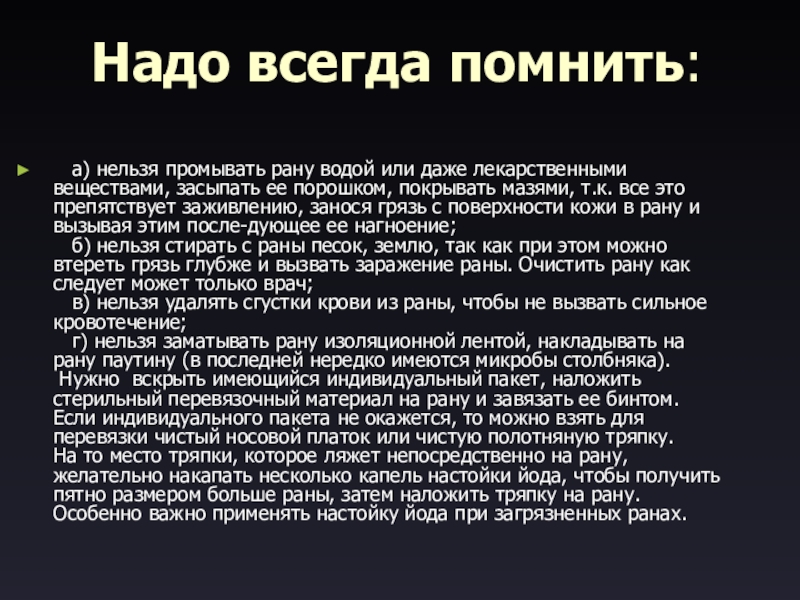 б) нельзя стирать с раны песок, землю, так как при этом можно втереть грязь глубже и вызвать заражение раны. Очистить рану как следует может только врач;
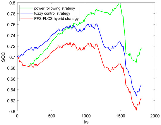 The simulation results of battery SOC with different control strategies.
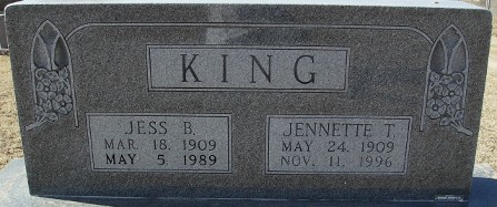KING, Jess B. 28 Mar 1909 5 May 1989 Jennette T.
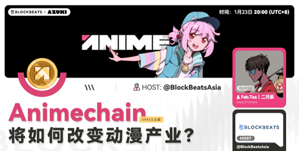 1 月 23 日, 邀请到 Azuki 的内容负责人二月茶,以《Animechain 将如何改变动漫产业?》为主题,聊聊 Azuki 以及 Animechain 的最新动态和未来发展方向。
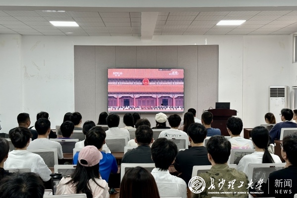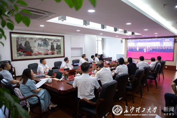 9月3日上午9时,纪念中国人民抗日战争暨世界反法西斯战争胜利80周年大会在北京天安门广场隆重举行。中共中央总书记、国家主席、中央军委主席习近平发表重要讲话并检阅部队。我校党委理论学习中心组全体成员在一办公楼四会议室集中收看会议直播,各二级党组织、校属各单位分别在校内55个会议室、教室组织师生员工、留校学生代表集中收看大会。其他学生也通过不同形式收听收看大会盛况。
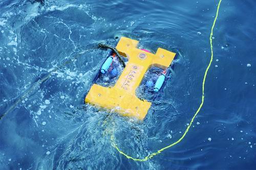 ▲正在参加抓取比赛的水下机器人。
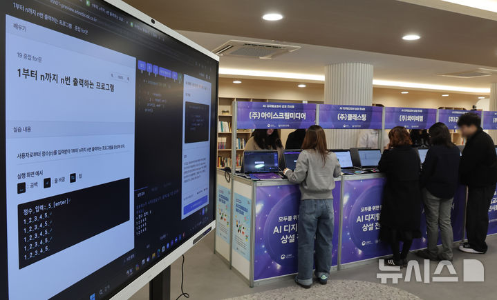 [부산=뉴시스] 하경민 기자 = 올해 3월 도입을 앞둔 'AI 디지털교과서 상설 전시회'가 열린 18일 부산 북구 SW·AI교육거점센터에서 지역 교사들이 AI 디지털교과서를 살펴보고 있다.
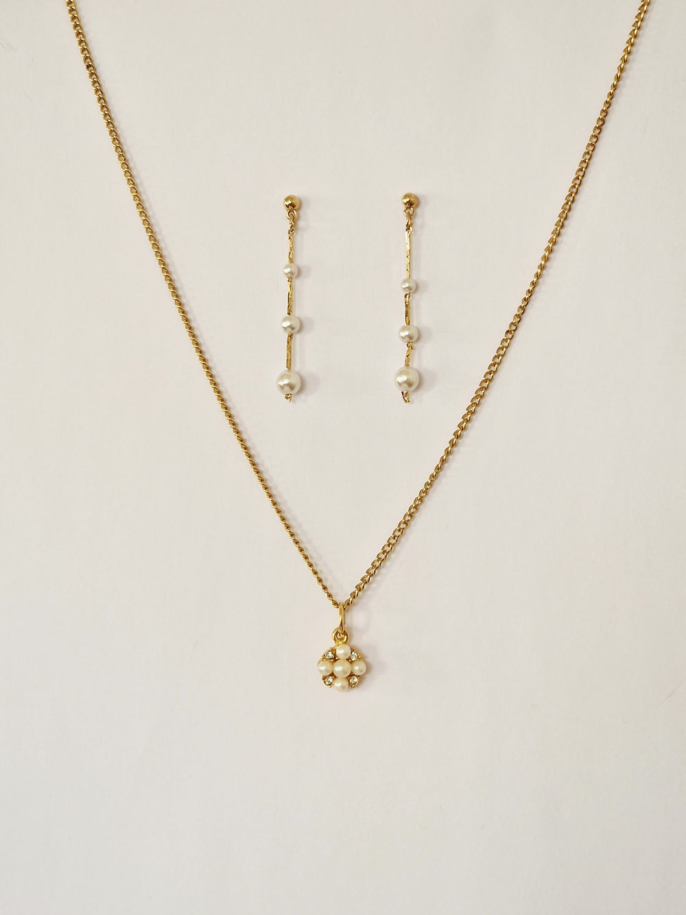 Vintage Gold Plated Dainty Pearl Necklace and Earring Set
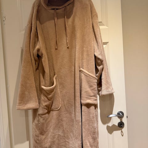 Morgenkåpen er helt ny. Passer både kvinner og menn. Kjøpt som gave, men den viste seg å være veldig stor. 100 % Cato. Lengde 135 cm.
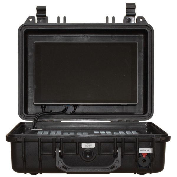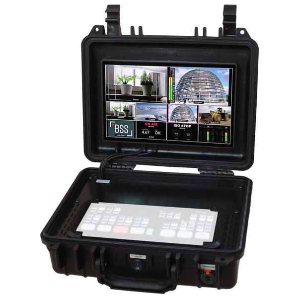 Para mixers de vídeo ISO Blackmagic Design ATEM Mini / ATEM Mini Pro / ATEM Mini Pro (mixer de vídeo não incluído, ainda deve ser instalado pelo cliente) Configuração rápida - coloque, abra e ligue Não há necessidade de conectar o monitor com conexões de dados e energia Uma unidade de fonte de alimentação integrada alimenta todos os componentes Todas as conexões de cabos são facilmente acessíveis nos dois lados do gabinete ATEM Mini e levam para o exterior. Um interruptor liga/desliga para todos os componentes Ventilador para operação segura mesmo em clima quente (controlado por termostato PWM) Tomada de carregamento USB-A para dispositivos acessórios, como smartphones ou tablets Todos os componentes são protegidos no case rígido e seguros para transporte Valores de conexão: 230V/50Hz Potência: 12V / 5A / 60W Dimensões: 330 x 280 x 120 mm Peso: aprox. 3,8kg Inclui. Cabo de conexão de 230 V (1,80 m) com plugue de contato de segurança (CEE7/7) e 2 cabos adaptadores XLR de 3 pólos - conector estéreo de 3,5 mm (0,7 m)
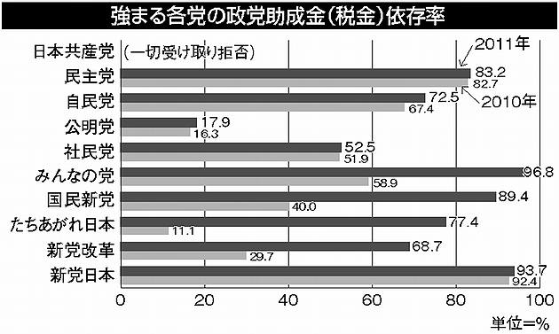 各党が2011年中に受け取った政党助成金(政党交付金)が収入全体に占める割合=「税金依存率」が前年比でのきなみ上昇し、民主党が83・2%、自民党が72・5%となりました。みんなの党も前年の58・9%から37・9ポイントも急増し96・8%。11月30日に総務省が公表した政治資金収支報告によって明らかになりました。(グラフ参照)
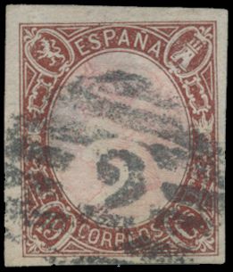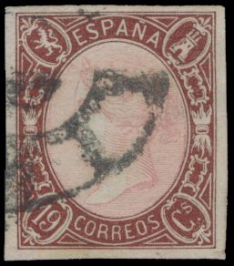 N° 68 '1865 Isabella II 19c brown and pink' small cut
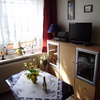 Kleine, aber gemütliche und ruhig gelegene Ferienwohnung mit ca. 27m² Wohnfläche, Ausgestattet ist das Wohnzimmer mit 2-Sitzer-Couch, Tisch und Sessel, Fernseher sowie Radio. Die integrierte Küchenzeile hat einen Geschirrspüler, Kühlschrank mit Gefrierfach, 2 Ceranfelder, Toaster?, Wasserkocher und Kaffeemaschine. Im Schlafzimmer befindet sich ein Doppelbett. Eine Aufbettung für Kinder bis ca. 5 Jahre wäre möglich. Das Bad ist mit einem WC und einer Dusche ausgestattet. Auf der nach Süden ausgerichteten Balkon-Terrasse laden Gartenmöbel zum Verweilen ein. Hier darf dann auch geraucht werden. Die max. Belegung der Ferienwohnung liegt bei 2 Erw. und 1 Kleinkind. Ein PKW-Stellplatz ist auf dem Grundstück vorhanden.
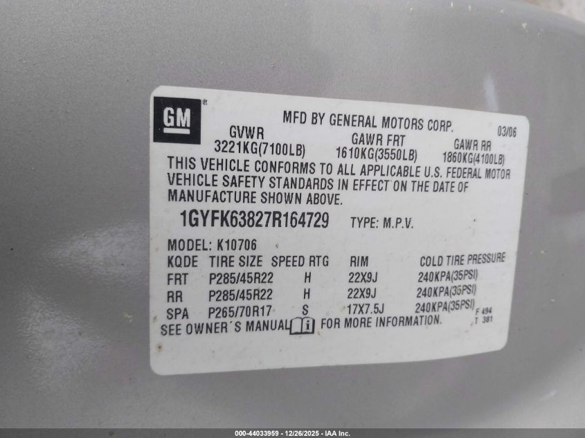 - Vin: 1GYFK63827R164729
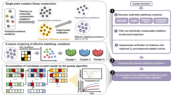 该团队首先采用融合策略,综合使用四种不同的单点预测算法辅以结构缺陷分析,预测了85个潜在有益突变。随后,他们对预测突变进行了实验检验,获得了21个有益单点突变(ΔTm ≥1.5°C)。通过K-means聚类算法,作者将21个有益单点突变分为3个Cluster,并依据贪婪算法(图2)对每个Cluster进行迭代叠加。
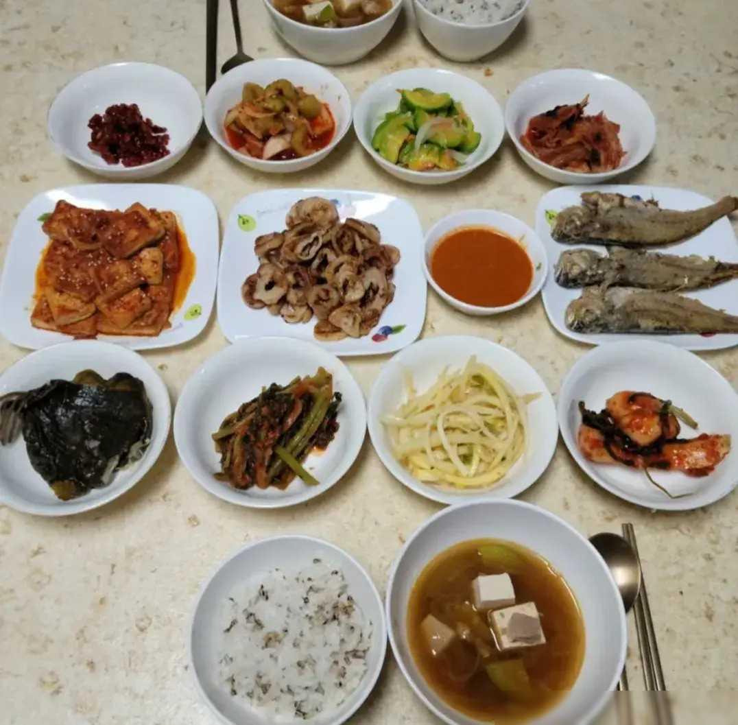 盯着滿桌不知如何下口!擺滿了各種菜品,有牛肉湯、年糕、小雜菜、泡菜、八爪魚等,看似滿漢全席!仔細一看海底撈小料臺都比桌上豐富,

PROBLEM DETAILS -> This exercise asks for the data above to be given again exactly, without pictures.

RESPONSE TO THE EXERCISE ->
 б) нельзя стирать с раны песок, землю, так как при этом можно втереть грязь глубже и вызвать заражение раны. Очистить рану как следует может только врач;
 The simulation results of battery SOC with different control strategies.
KING, Jess B. 28 Mar 1909 5 May 1989 Jennette T.
 1 月 23 日, 邀请到 Azuki 的内容负责人二月茶,以《Animechain 将如何改变动漫产业?》为主题,聊聊 Azuki 以及 Animechain 的最新动态和未来发展方向。
 9月3日上午9时,纪念中国人民抗日战争暨世界反法西斯战争胜利80周年大会在北京天安门广场隆重举行。中共中央总书记、国家主席、中央军委主席习近平发表重要讲话并检阅部队。我校党委理论学习中心组全体成员在一办公楼四会议室集中收看会议直播,各二级党组织、校属各单位分别在校内55个会议室、教室组织师生员工、留校学生代表集中收看大会。其他学生也通过不同形式收听收看大会盛况。
 ▲正在参加抓取比赛的水下机器人。
 [부산=뉴시스] 하경민 기자 = 올해 3월 도입을 앞둔 'AI 디지털교과서 상설 전시회'가 열린 18일 부산 북구 SW·AI교육거점센터에서 지역 교사들이 AI 디지털교과서를 살펴보고 있다.
 Vintage Gold Plated Dainty Pearl Necklace and Earring Set
 Morgenkåpen er helt ny. Passer både kvinner og menn. Kjøpt som gave, men den viste seg å være veldig stor. 100 % Cato. Lengde 135 cm.
 Para mixers de vídeo ISO Blackmagic Design ATEM Mini / ATEM Mini Pro / ATEM Mini Pro (mixer de vídeo não incluído, ainda deve ser instalado pelo cliente) Configuração rápida - coloque, abra e ligue Não há necessidade de conectar o monitor com conexões de dados e energia Uma unidade de fonte de alimentação integrada alimenta todos os componentes Todas as conexões de cabos são facilmente acessíveis nos dois lados do gabinete ATEM Mini e levam para o exterior. Um interruptor liga/desliga para todos os componentes Ventilador para operação segura mesmo em clima quente (controlado por termostato PWM) Tomada de carregamento USB-A para dispositivos acessórios, como smartphones ou tablets Todos os componentes são protegidos no case rígido e seguros para transporte Valores de conexão: 230V/50Hz Potência: 12V / 5A / 60W Dimensões: 330 x 280 x 120 mm Peso: aprox. 3,8kg Inclui. Cabo de conexão de 230 V (1,80 m) com plugue de contato de segurança (CEE7/7) e 2 cabos adaptadores XLR de 3 pólos - conector estéreo de 3,5 mm (0,7 m)
 各党が2011年中に受け取った政党助成金(政党交付金)が収入全体に占める割合=「税金依存率」が前年比でのきなみ上昇し、民主党が83・2%、自民党が72・5%となりました。みんなの党も前年の58・9%から37・9ポイントも急増し96・8%。11月30日に総務省が公表した政治資金収支報告によって明らかになりました。(グラフ参照)
 N° 68 '1865 Isabella II 19c brown and pink' small cut
 Kleine, aber gemütliche und ruhig gelegene Ferienwohnung mit ca. 27m² Wohnfläche, Ausgestattet ist das Wohnzimmer mit 2-Sitzer-Couch, Tisch und Sessel, Fernseher sowie Radio. Die integrierte Küchenzeile hat einen Geschirrspüler, Kühlschrank mit Gefrierfach, 2 Ceranfelder, Toaster?, Wasserkocher und Kaffeemaschine. Im Schlafzimmer befindet sich ein Doppelbett. Eine Aufbettung für Kinder bis ca. 5 Jahre wäre möglich. Das Bad ist mit einem WC und einer Dusche ausgestattet. Auf der nach Süden ausgerichteten Balkon-Terrasse laden Gartenmöbel zum Verweilen ein. Hier darf dann auch geraucht werden. Die max. Belegung der Ferienwohnung liegt bei 2 Erw. und 1 Kleinkind. Ein PKW-Stellplatz ist auf dem Grundstück vorhanden.
 - Vin: 1GYFK63827R164729
 该团队首先采用融合策略,综合使用四种不同的单点预测算法辅以结构缺陷分析,预测了85个潜在有益突变。随后,他们对预测突变进行了实验检验,获得了21个有益单点突变(ΔTm ≥1.5°C)。通过K-means聚类算法,作者将21个有益单点突变分为3个Cluster,并依据贪婪算法(图2)对每个Cluster进行迭代叠加。
 盯着滿桌不知如何下口!擺滿了各種菜品,有牛肉湯、年糕、小雜菜、泡菜、八爪魚等,看似滿漢全席!仔細一看海底撈小料臺都比桌上豐富,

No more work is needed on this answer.